← Back to context

Comment by LegionMammal978

14 hours ago

At least personally, I've been very underwhelmed by their performance when I've tried using them. Usually past a few dozen variables or so is when I start hitting unacceptable exponential runtimes, especially for problem instances that are unsatisfiable or barely-satisfiable. Maybe their optimizations are well-suited for knapsack problems and other classic OR stuff, but if your problem doesn't fit the mold, then it's very hit-or-miss.
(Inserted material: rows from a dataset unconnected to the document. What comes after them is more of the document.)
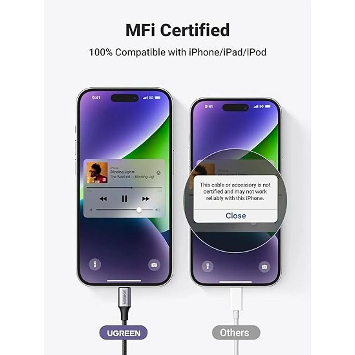 Certificado Apple MFi: el cable auxiliar UGREEN para iPhone Lightning a cables de audio de 0.138 in está certificado por Apple para cumplir con los requisitos rígidos del iPhone y garantizar una conexión completa y segura con tus dispositivos Apple
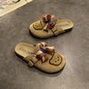 Cute bear bow slippers summer new retro niche design flat plaid college style shoes
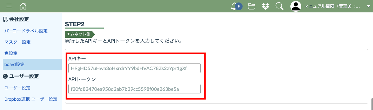 boardで取得したAPIキーとAPIトークンをSTEP2の入力欄に入力してください。
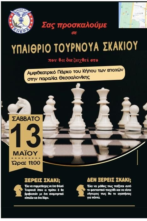 Τα τοπικά τμήματα ΑHEPA HELLAS της ευρύτερης περιοχής της Θεσσαλονίκης και το τμήμα 601 [Κωνσταντινούπολη] διοργανώνουν το Σάββατο 13 Μαΐου 2023 και ώρα 11.00, υπαίθριο τουρνουά Σκακιού, στο αμφιθεατρικό πάρκο του κήπου των Εποχών, στην Νέα Παραλία Θεσσαλονίκης.

I'm surprised to hear this. Modern SAT solvers can easily handle many problems with hundreds of thousands of variables and clauses. Of course, there are adversarial problems where CDCL solvers fail, but I would be fascinated if you can find industrial (e.g. human written for a specific purpose) formulas with "dozens of variables" that a solver can't solve fairly quickly.

  • One thing that I spent a particularly long time trying to get working was learning near-minimum-size exact languages from positive and negative samples. DFAMiner [0] has a relatively concise formulation for this in terms of variables and clauses, though I have no way to know if some other reformulation would be better suited for SAT solvers (it uses CaDiCaL by default).

    It usually starts taking a few seconds around the ~150-variable mark, and hits the absolute limit of practicality by 350–800 variables; the number of clauses is only an order of magnitude higher. Perhaps something about the many dependencies in a DFA graph puts this problem near the worst case.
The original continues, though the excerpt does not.